Book Reviews, Literary

Review: THE SENTINEL, by Lee Child and Andrew Child

“It is close to midnight on a Saturday night when Jack Reacher gets off a bus at the Greyhound station in Nashville. Reacher is in no hurry. He has no appointments to keep. No people to see. No scores to settle. Not yet anyway. But in the early morning hours, under particular circumstances, a familiar thought will be snaking through his sharp, instinctual lizard brain: A voice in his head telling him to walk away. Of course, this wouldn’t be the first time he listened to his gut instead. Meanwhile, seventy-five miles south and west of Music City is a sleepy little town where a recently-fired guy nurses a grudge that will fester into fury–and a desire for payback. But who is watching him, standing guard over a long-buried secret, ready to strike before it can be revealed? If you don’t have a sense of the danger you’re in, then it’s best to have Reacher”–

There are basically two Jack Reacher plots; one where he gets roped in to addressing a major national security threat, and one where he accidentally stumbles into someone’s evil scheme. I like the first kind much better, because it makes more sense. I dislike the second kind because the suspension of disbelief in which you have to engage is like dangling the Chrysler Building into the Grand Canyon with a fly rod and thirty-pound monofilament fishing line. Can’t be done.

THE SENTINEL is a bit of a hybrid of these two styles, but it relies on Reacher being in a small Tennessee town in the exact same instant that the evil schemers are forcing an innocent man into a car. If Reacher is ten minutes early or late, or is in Key West or Seattle, he never sees this happen and the story doesn’t happen. This isn’t quite as ridiculous as him spotting the evil scheme from a moving train, but it’s close.

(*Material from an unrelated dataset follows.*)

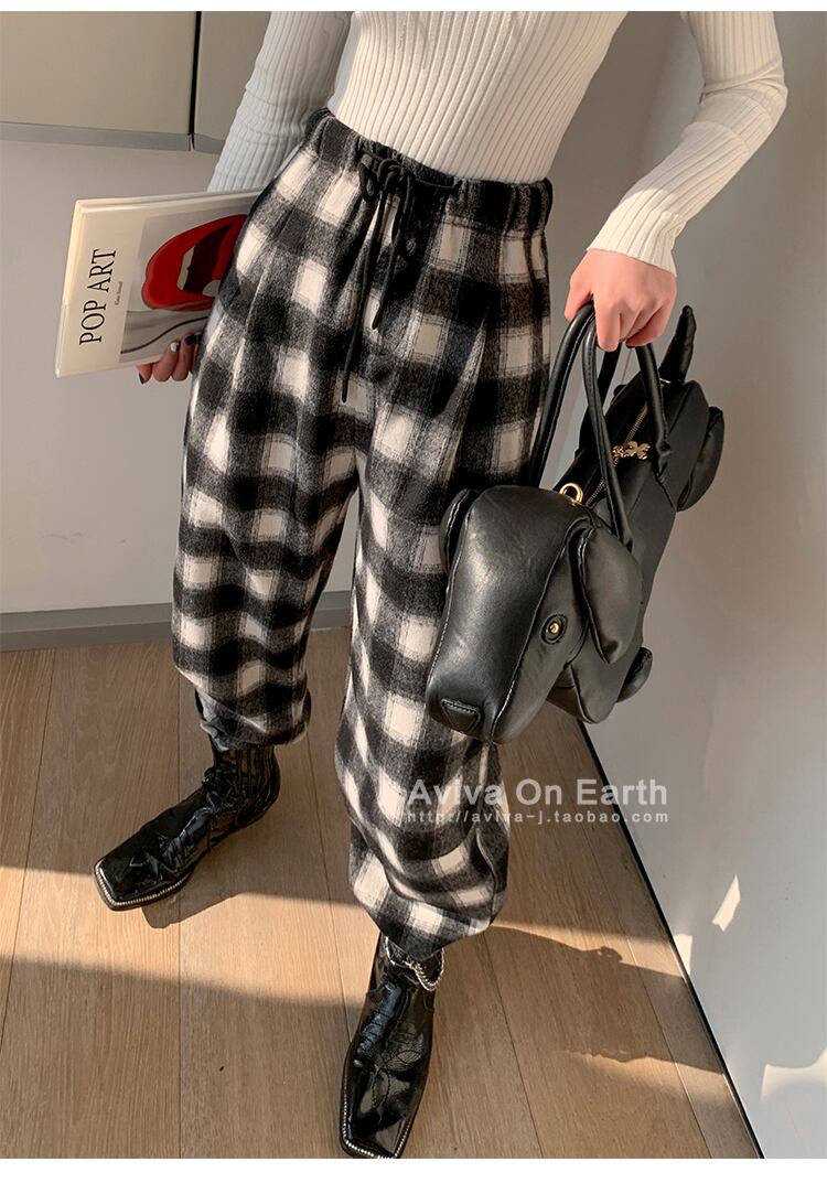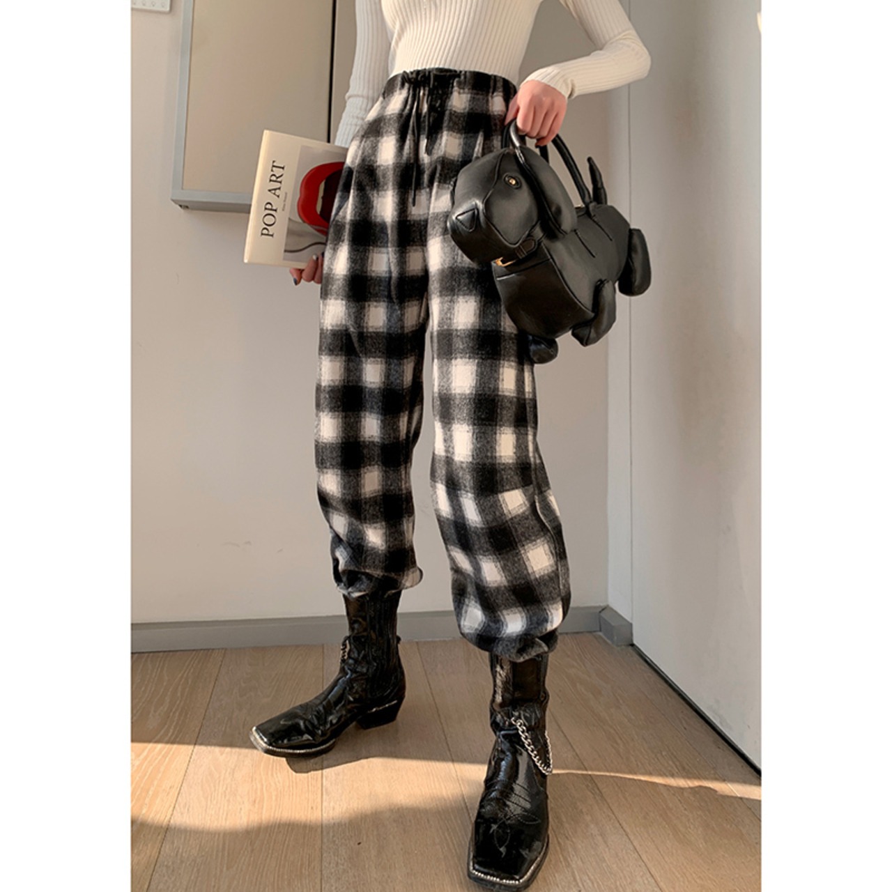 ♥ ブラックホワイト格子柄ストレッチウェストルーズパンツ レディース エラスティック 伸縮 ♥♥欧州 ヨーロッパ アイドル ZARA フォーエバー21 GAP H&M WEGO HONEYS MUJI GU UNIQLO dholic babyGAP FOREVER21 Old Navy 韓国 K-POP Kpop 韓流スター BTS TWICE NiziU BLACKPINK ルイ・ヴィトン エルメス グッチ プラダ イブサンローラン シャネル ラフシモンズ BB20348550971 | miel style clothing

The main problem with the second-order Reacher stories is that the evil schemers aren’t up to his fighting weight. This kind of book puts Reacher up against small-time laundromat owners or yuppie lodging entrepreneurs. Reacher tears through mooks like this as though they were made of wet cardboard.

Here, the evil schemers are a little more adept, but not much, and even though it’s a pleasure to see Reacher prevail, he’s not really being tested here.

The Andrew Child version of Reacher has him being a little more of a motormouth than usual, but other than that there’s no discernible loss of quality in the story. THE SENTINEL is a perfectly cromulent second-rank Reacher novel, if that’s what you’re looking for, that’s what you’ll get.